3月閉校の鹿浜西小 校舎に思い出を描く 在校児童と卒業生・地域住民

掲載:2023年3月5日号
 鹿浜西小学校(山下宗孝校長/鹿浜2‐24‐1)の校舎の廊下が、在校生や卒業生らによってカラフルな絵で彩られた。今月で54年の歴史に幕を下ろす同校の校舎が、楽しかった思い出とともに、子どもたちの新たな門出を見送る。

 鹿浜西小(1969年創立)は北鹿浜小(1973年創立)と統合され、今年4月、鹿浜未来小学校として旧鹿浜中跡地(鹿浜5-18)に開校する。
 思い出づくりとして、1月30日(月)に在校児童が、2月18日(土)には卒業生や地域の人たちが、校舎の廊下、階段、窓、昇降口にアクリル絵の具やマーカーで思い思いに絵やメッセージを描いた。
 この企画に活用したのは、㈱ぺんてるとキャノンマーケティングジャパン㈱が2014年から協働で実施している「校舎の思い出プロジェクト」。建て替えや統廃合によって取り壊される小学校を対象に、校舎での最後の思い出づくりをサポートしている。
 内容は、子どもたちが校舎に描いた絵を大判ポスターにして新校舎に掲示、また「思い出写真係」の子どもたちが一眼レフカメラでペインティングを撮影し、フォトブックにして図書室に残すというもの。
 ぺんてる㈱が画材と額を提供、キヤノンマーケティングジャパン㈱がカメラの貸し出しと大判ポスター、フォトブックを制作し寄贈する。

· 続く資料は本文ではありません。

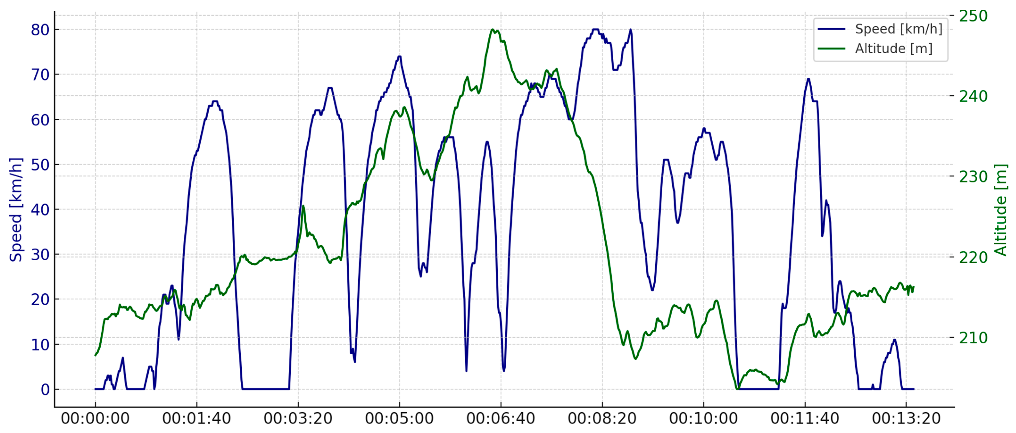 - Identifying the influence of topography—thanks to the altitude parameter, it is possible to separate driving on hills from driving on flat terrain, even at similar speeds and power levels [29]. This allows for analyzing how changes in terrain affect energy consumption and recuperation frequency.

 「子どもたちに記念に残ることをさせてあげたい」とPTAと教員が話し合う中で、藤巻久美子教諭が以前の赴任校の改修工事の際の経験を挙げたことから企画が進み、閉校記念実行委員会(野辺陽子会長)の「子ども行事部」が主体となって実現させた。
●卒業生たちも集結
 児童に先駆け、12月後半にPTAと教員が、2階に校舎とスローガンを描いた壁画を制作。6年生が校庭と昇降口を担当した。

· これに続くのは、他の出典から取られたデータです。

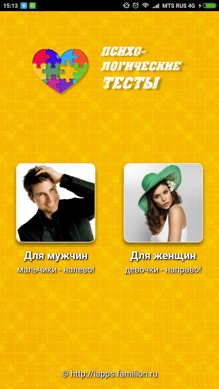Это приложение - сборник популярных и интересных психологических тестов. Имеются различные тесты как для мужчин (юношей), так и для женщин (девушек). Все тесты составлены профессиональными психологами, легки для понимания и не займут у Вас много времени, но позволят Вам узнать о себе или своем партнере много интересных вещей.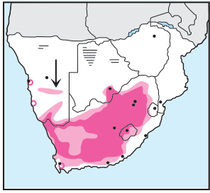 Common in the Karoo and very common in highveld regions, where it frequents parks and gardens.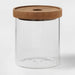Preserve your cooking and baking supplies in a beautiful, modern styled Small Glass Storage Canister with Wood Lid from Threshold. No need to worry about your tea, herbs or other ingredients going bad when you've got this holder, and you can always see when you're about to run out thanks to the clear glass construction. Its stained wood lid also gives the storage canister a natural, modern aesthetic that you can effortlessly integrate into your kitchen decor.

 12月にクラスごとにテーマを決めて紙に下絵を制作。また、写真係は5~6年生の約10人が担当し、事前にキャノンマーケティングジャパンの資料で使い方を学んでから、描かれた絵を写真に収めた。
 2月18日には、回覧板で情報を知った卒業生や地域住民約120人が参加した。
 伊東雪乃さん(29)は同校に通う4年生の結愛さんと、4歳、3歳の娘3人を連れて参加。「私も父親も鹿西小。鹿中もなくなって淋しい」。待ち合わせはせずに1人で訪れ、学校で偶然同級生と合流した卒業生も多かった。柿沼幸子さん(鹿浜菜の花中2年)もその一人で、「最後に思い出が残せてよかった」と友人と壁に色を乗せた。23歳の6人グループは「久しぶりにみんなと会った。同窓会みたい」と懐かしい母校での再会を楽しんでいた。

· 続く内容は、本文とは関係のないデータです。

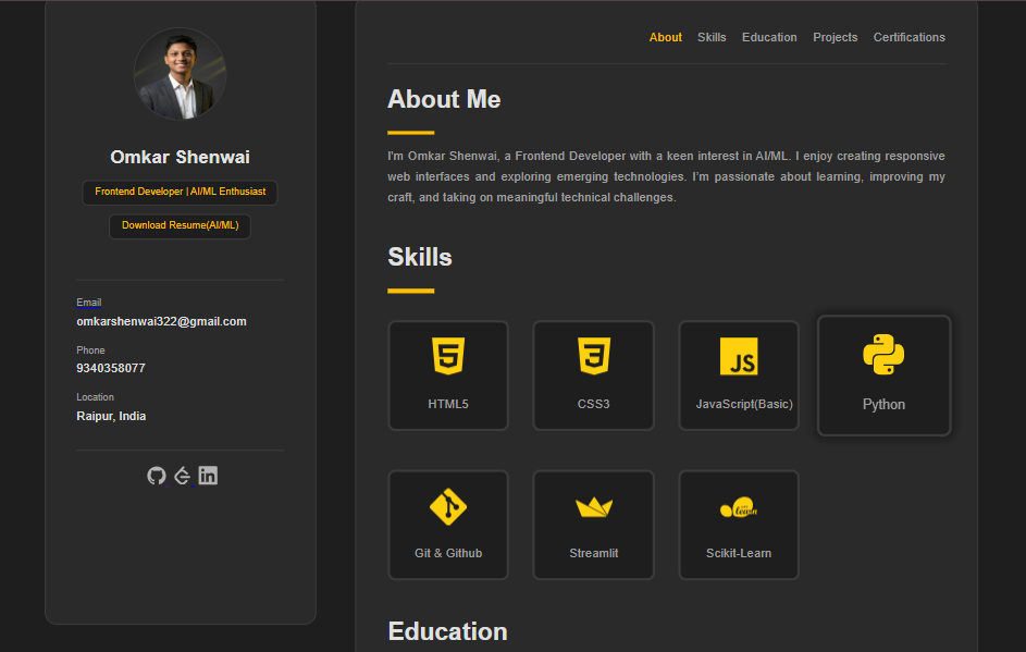 I'm Omkar Shenwai, a Frontend Developer with a keen interest in AI/ML. I enjoy creating responsive web interfaces and exploring emerging technologies. I’m passionate about learning, improving my craft, and taking on meaningful technical challenges.

 校内の各所に描かれていたのが、鹿のキャラクター「鹿野さん」。50周年記念に校内コンテストでデザインが決まったもので、以来、同校の子どもたちに愛されてきた。角の数字が50から、毎年1つずつ増えていくのがポイントだ。
 この日は、鹿野さんの生みの親の高橋翔さんも参上。デザインした当時6年生だったが、今は高校1年生。ペインティングイベントを知り「来なきゃ」と思ったそうで、「みんなが馴染める愛着のあるキャラにしたかった。想像以上で驚いている」。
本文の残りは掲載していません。